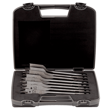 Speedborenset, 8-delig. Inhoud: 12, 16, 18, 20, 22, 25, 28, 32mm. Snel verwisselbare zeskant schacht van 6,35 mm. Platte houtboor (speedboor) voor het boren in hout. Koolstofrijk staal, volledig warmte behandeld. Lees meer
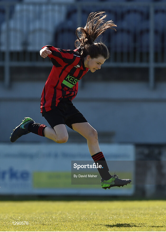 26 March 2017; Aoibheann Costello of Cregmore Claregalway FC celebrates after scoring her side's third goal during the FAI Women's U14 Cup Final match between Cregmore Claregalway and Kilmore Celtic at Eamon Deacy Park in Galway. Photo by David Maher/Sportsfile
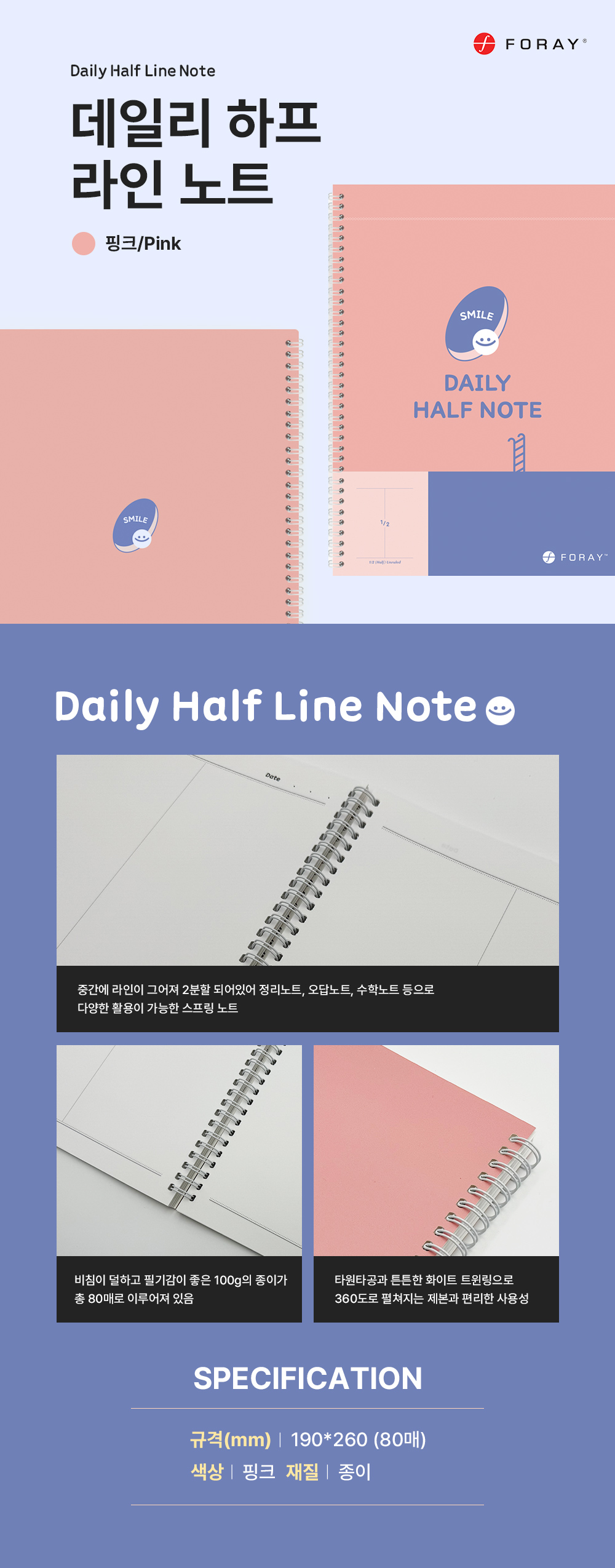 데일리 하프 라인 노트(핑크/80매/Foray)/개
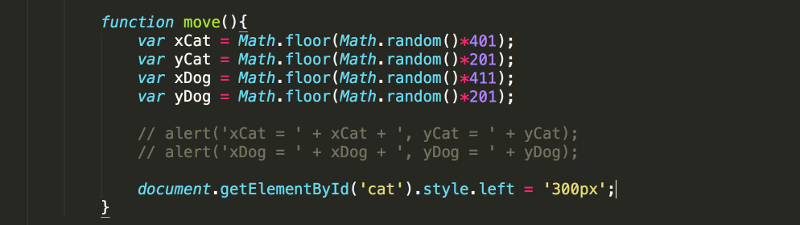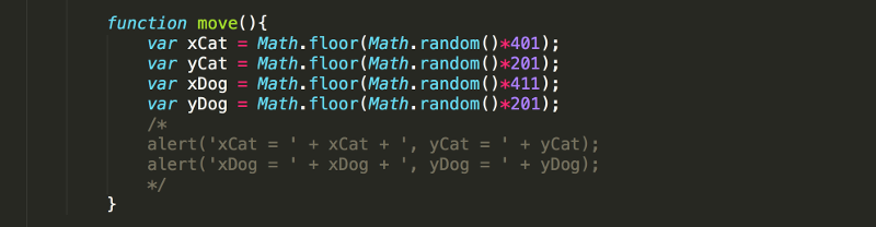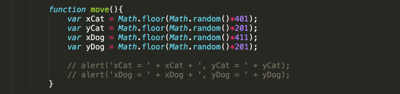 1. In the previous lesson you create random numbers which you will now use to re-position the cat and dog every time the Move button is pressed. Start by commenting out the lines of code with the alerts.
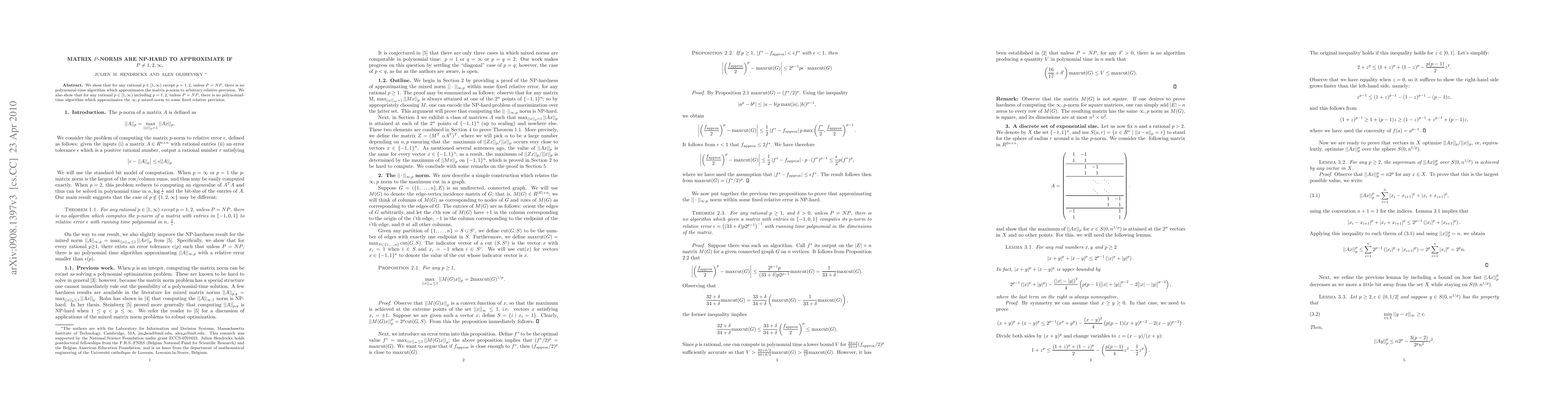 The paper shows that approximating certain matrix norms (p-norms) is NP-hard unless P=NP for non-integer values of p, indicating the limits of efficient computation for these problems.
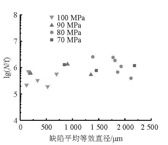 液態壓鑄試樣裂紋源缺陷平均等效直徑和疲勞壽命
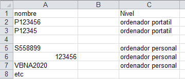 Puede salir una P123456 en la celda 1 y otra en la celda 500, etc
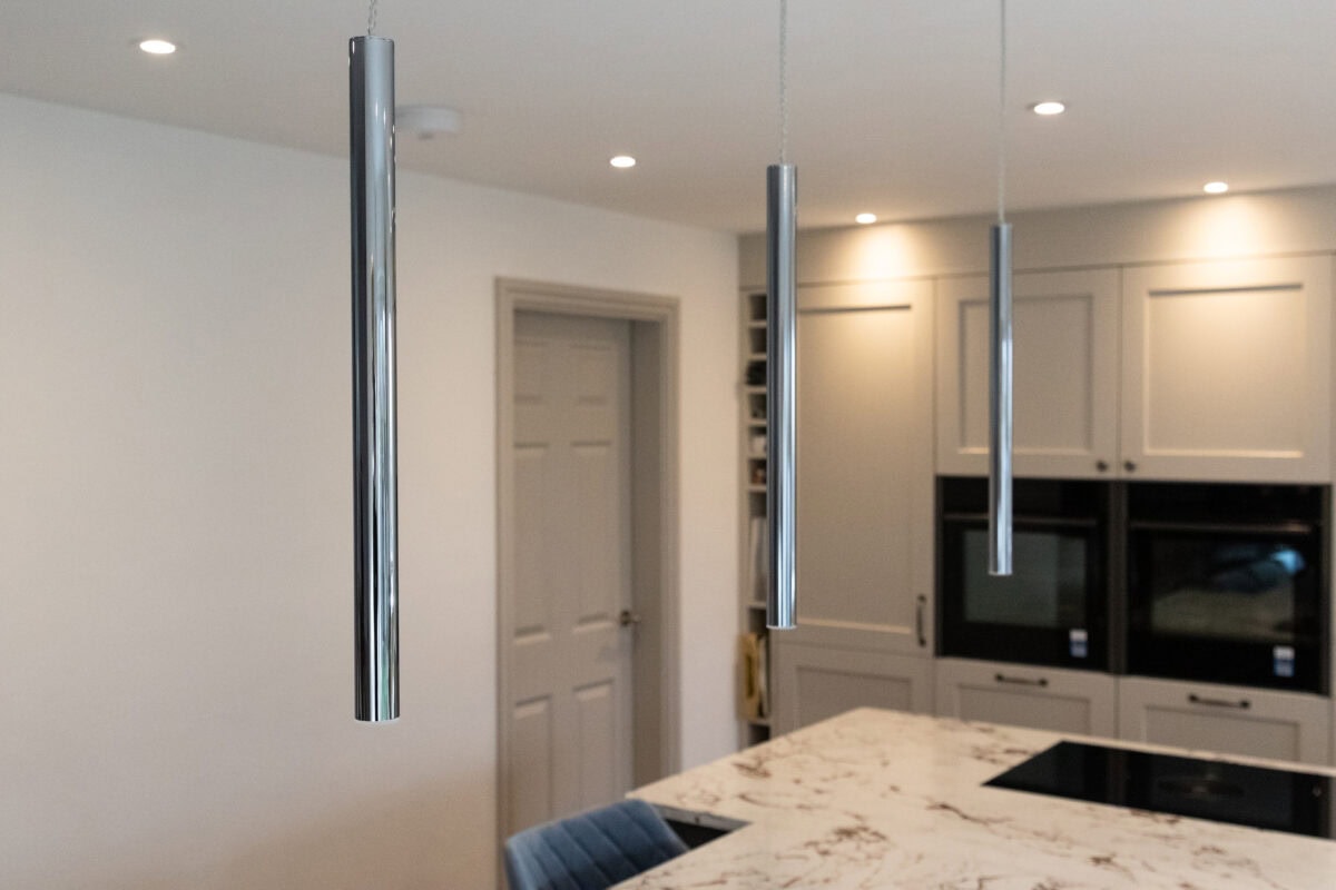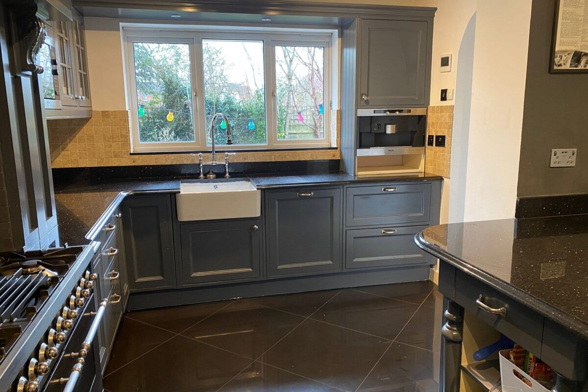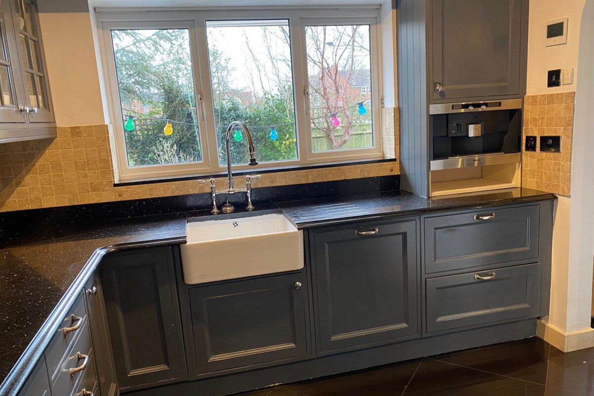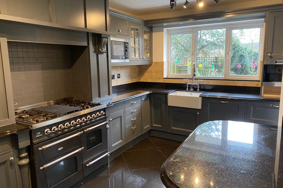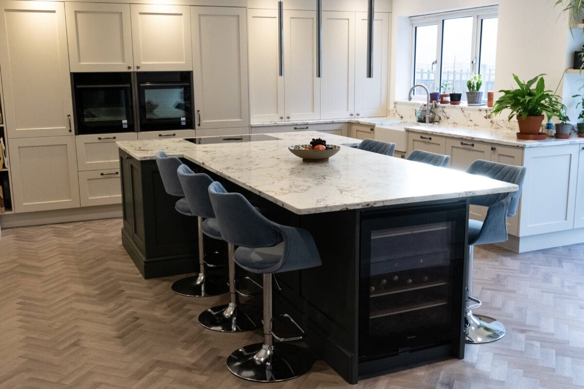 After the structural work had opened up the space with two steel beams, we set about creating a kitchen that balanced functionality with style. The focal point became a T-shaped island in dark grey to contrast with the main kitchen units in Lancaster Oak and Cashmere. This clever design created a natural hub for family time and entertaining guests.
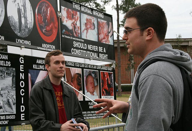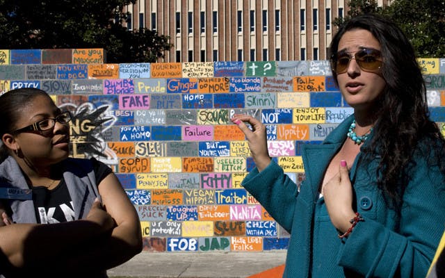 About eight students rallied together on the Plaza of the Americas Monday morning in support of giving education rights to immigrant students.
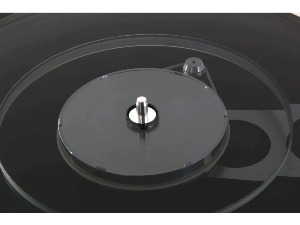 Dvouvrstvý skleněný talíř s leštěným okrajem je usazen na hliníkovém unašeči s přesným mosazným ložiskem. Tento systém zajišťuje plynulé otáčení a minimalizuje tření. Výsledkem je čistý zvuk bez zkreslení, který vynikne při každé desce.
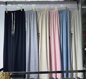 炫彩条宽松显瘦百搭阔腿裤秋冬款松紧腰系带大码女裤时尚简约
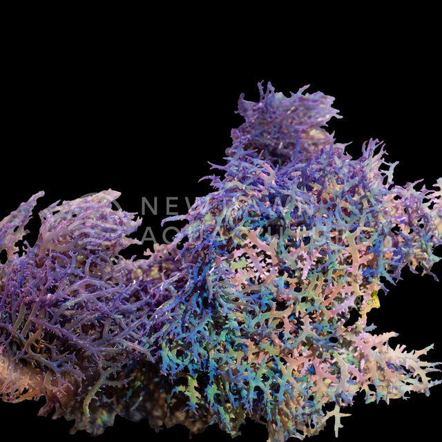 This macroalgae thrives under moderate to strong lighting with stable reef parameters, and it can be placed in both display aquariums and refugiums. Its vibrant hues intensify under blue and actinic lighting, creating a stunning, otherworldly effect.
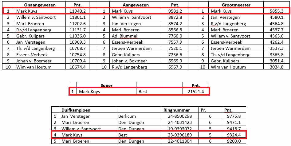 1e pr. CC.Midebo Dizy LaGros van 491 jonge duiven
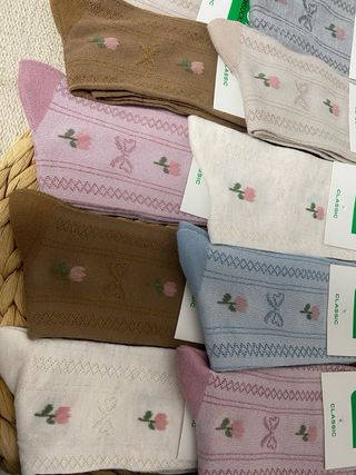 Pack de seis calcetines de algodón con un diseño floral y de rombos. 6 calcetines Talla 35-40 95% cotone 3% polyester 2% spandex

-- -- --

> [Your task]: Copy out exactly the material that runs from the line with "26 March 2017;" to the line with "데일리 하프 라인 노트(핑크/80매/Foray)/개", ends included, and leave the pictures behind.

> [Written answer]:
 26 March 2017; Aoibheann Costello of Cregmore Claregalway FC celebrates after scoring her side's third goal during the FAI Women's U14 Cup Final match between Cregmore Claregalway and Kilmore Celtic at Eamon Deacy Park in Galway. Photo by David Maher/Sportsfile
 데일리 하프 라인 노트(핑크/80매/Foray)/개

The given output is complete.